Bank Australia is an Australian customer-owned bank based in Collingwood, Victoria. The organisation can trace its origins back to 1957, when the CSIRO Co-operative Credit Society was formed. Over succeeding years, mergers among 72 other credit unions and co-operative banks eventually led to the creation of the Members & Education Credit Union (mecu) in 2003, which became Bankmecu in 2011, and Bank Australia in 2015.

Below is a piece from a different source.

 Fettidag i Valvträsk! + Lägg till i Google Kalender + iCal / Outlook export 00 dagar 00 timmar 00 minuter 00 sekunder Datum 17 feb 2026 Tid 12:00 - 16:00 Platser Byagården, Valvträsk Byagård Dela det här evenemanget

Bank Australia is a member organisation of the Australian Banking Association, the Global Alliance for Banking on Values, and is a certified B Corporation.

History 
Bank Australia is an amalgamation of 72 credit unions and co-operatives. Starting in 1957 as the CSIRO Co-operative Credit Society, the bank expanded to become Australia’s first customer-owned bank in 2011, trading under the name Bankmecu. In 2015, the bank rebranded itself as Bank Australia.

Sustainability 
In June 2020, Bank Australia became a certified B Corp.

Bank Australia has been carbon neutral since 2011 and in 2018 became certified carbon neutral by the Australian Government’s National Carbon Offset Standard. In 2019 they switched to 100% renewable energy. It was the first bank in Australia to do so. In 2022, Bank Australia responded to shareholder demands and set a net zero target for 2035.

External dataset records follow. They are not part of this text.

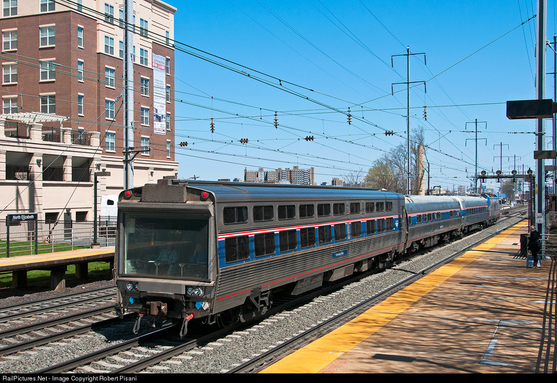 An Amtrak Chief Engineer's Inspection extra passes through North Elizabeth on a run north/east from Washington, DC to Boston. The consist includes three unique pieces of Amtrak equipment behind ACS-64 633: Catenary Measurement car #10005, "Corridor Clipper" #10002 and inspection car "American View" #10004. |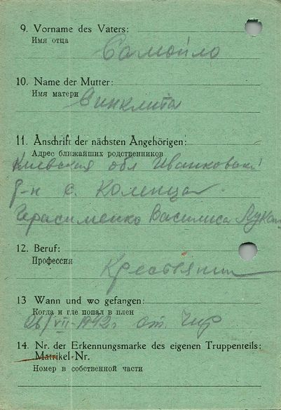 Военнопленные, трофейные карточки. Киевская обл.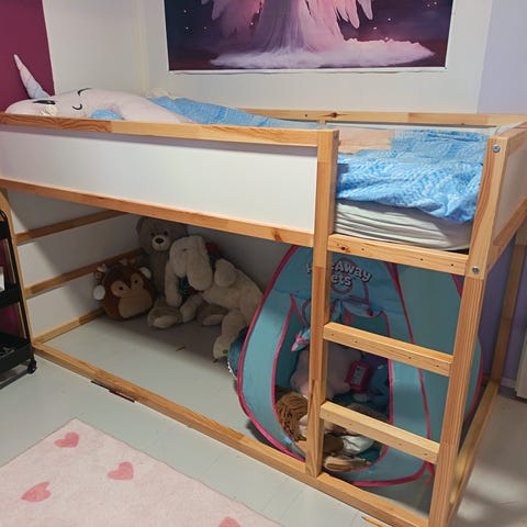Jotain käytön jälkiä löytyy. Sängyn rungossa reijät mihin saa kahvat kiinni. Tällä hetkellä olen irroittanut ne ettei nuorimmainen kiipeäisi sänkyyn, mutta voin laittaa ne takaisin tai antaa mukaan. Portaissa liukueste tarraa. Haku lauantai iltapäivänä Gammelbackasta. Eläin talous (kuvasta näkee myös).

The Bank Australia Conservation Reserve is a 927 hectare private land reserve owned by the bank and its customers. The reserve is located in Victoria's Wimmera region and is made up of three properties and is protected from development forever through a conservation covenant. The company purchased the first of the three properties in 2008 in response to customer concerns about the environment. Greening Australia and Trust for Nature manage the Reserve. In 2018, Bank Australia, in partnership with Greening Australia and Trust for Nature, won the Banksia Large Business Award for the conservation reserve's ten-year strategy.

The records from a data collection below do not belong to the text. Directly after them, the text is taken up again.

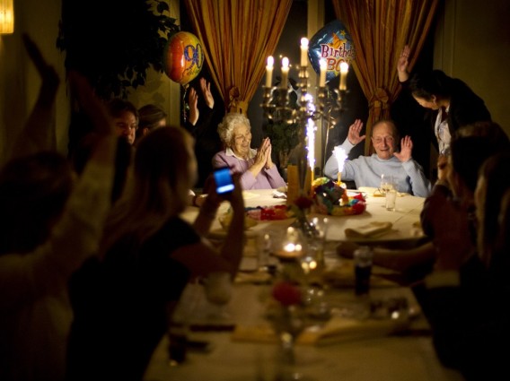 © Ilvy Njiokiktien: Riet Mohlman viert haar 90ste verjaardag samen het haar kinderen en kleinkinderen in Chinees Retaurant Wok Maxis in Warnsveld, 2013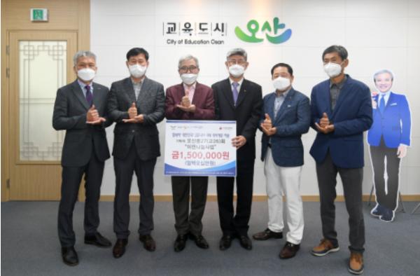 한편, 오산중27(고26)회는 매년 관내 학생들을 위해 200만원 상당의 장학금을 지원해왔으며, 사회적 나눔을 확산하고자 ‘이젠나눔’ 이라는 사업을 펼쳐 적극적으로 지역사회의 취약계층을 발굴하고, 이들에 대한 지원에 최선을 다할 계획이다.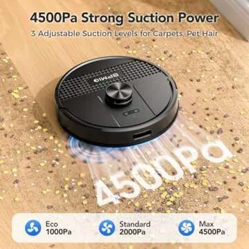 Show more Introducing the BPMIO Robot Vacuum and Mop Combo, the ultimate home cleaning companion designed to simplify your life. Equipped with a powerful 4500Pa Strong Suction Power, this advanced robot effortlessly tackles dust, dirt, and pet hair, ensuring your floors are spotless with minimal effort on your part. Unlike traditional models, it features a brushless motor that not only outperforms in suction but also offers a longer lifespan, making it a reliable choice for busy households.

Bank Australia has reaffirmed that they have never invested and will never invest money in fossil fuels, live animal exports, military weaponry, tobacco, or gambling.

Net Zero 
In April 2022, Bank Australia announced their Climate Action Strategy, and set a target to achieve Net zero emissions by 2035. This included plans for reductions of their scope 3 emissions. Bank Australia will also be working with customers to help them reduce their emissions from electricity and gas use.

Car loan Financing 
In August 2022, Bank Australia's chief impact officer, Sasha Courville, announced that Bank Australia will cease funding car loans for new fossil fuel (internal combustion engine) vehicles from 2025 as part of its commitment to achieve net zero carbon emissions by 2035. “a signal to the Australian market about the rapid acceleration in the transition from internal combustion to electric vehicles we expect to see in the next few years.” - Sasha Courville, Bank Australia's Chief Impact Officer.

Impact fund
Bank Australia allocates 4% of its after tax profits to the Bank Australia Impact Fund. The fund supports projects and partnerships that "benefit people, communities and the planet". As part of the fund, the bank runs an annual customer grants program, many concerned with investment in sustainability and community renewable energy projects.

Locations 
The company's head office is in Collingwood, Victoria, and its National Contact Centre is located in Moe in the Latrobe Valley in Victoria.

Products and services 
Bank Australia offers banking products including everyday banking, savings, term deposits, personal and car loans, home loans, credit cards and commercial banking services.

It operates digital banking services through internet and mobile app banking. Customers also have access to Apple Pay, Google Pay and Android Pay, Round UP, and fee free withdrawals at Bank Australia ATMs and all of the major banks’ ATMs.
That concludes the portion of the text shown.